Using cert-manager For TLS Termination

This task shows how to set up cert-manager to automatically create certificates and secrets for use by Envoy Gateway. It will first show how to enable the self-sign issuer, which is useful to test that cert-manager and Envoy Gateway can talk to each other. Then it shows how to use Let’s Encrypt’s staging environment. Changing to the Let’s Encrypt production environment is straight-forward after that.

Prerequisites

  • A Kubernetes cluster and a configured kubectl.
  • The helm command.
  • The curl command or similar for testing HTTPS requests.
  • For the ACME HTTP-01 challenge to work
    • your Gateway must be reachable on the public Internet.
    • the domain name you use (we use www.example.com) must point to the Gateway’s external IP(s).

Installation

Follow the steps from the Quickstart to install Envoy Gateway and the example manifest. Before proceeding, you should be able to query the example backend using HTTP.

Deploying cert-manager

This is a summary of cert-manager Installation with Helm.

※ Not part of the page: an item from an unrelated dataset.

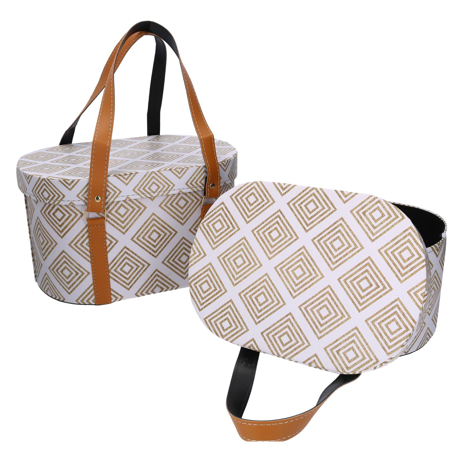 Scatola ecopelle con manici 2^ bianco ovale cm36x26h20

Installing cert-manager is straight-forward, but currently (v1.12) requires setting a feature gate to enable the Gateway API support.

$ helm repo add jetstack https://charts.jetstack.io
$ helm upgrade --install --create-namespace --namespace cert-manager --set installCRDs=true --set featureGates=ExperimentalGatewayAPISupport=true cert-manager jetstack/cert-manager

You should now have cert-manager running with nothing to do:

$ kubectl wait --for=condition=Available deployment -n cert-manager --all
deployment.apps/cert-manager condition met
deployment.apps/cert-manager-cainjector condition met
deployment.apps/cert-manager-webhook condition met

$ kubectl get -n cert-manager deployment
NAME                      READY   UP-TO-DATE   AVAILABLE   AGE
cert-manager              1/1     1            1           42m
cert-manager-cainjector   1/1     1            1           42m
cert-manager-webhook      1/1     1            1           42m

A Self-Signing Issuer

cert-manager can have any number of issuer configurations. The simplest issuer type is SelfSigned. It simply takes the certificate request and signs it with the private key it generates for the TLS Secret.

Self-signed certificates don't provide any help in establishing trust between certificates.
However, they are great for initial testing, due to their simplicity.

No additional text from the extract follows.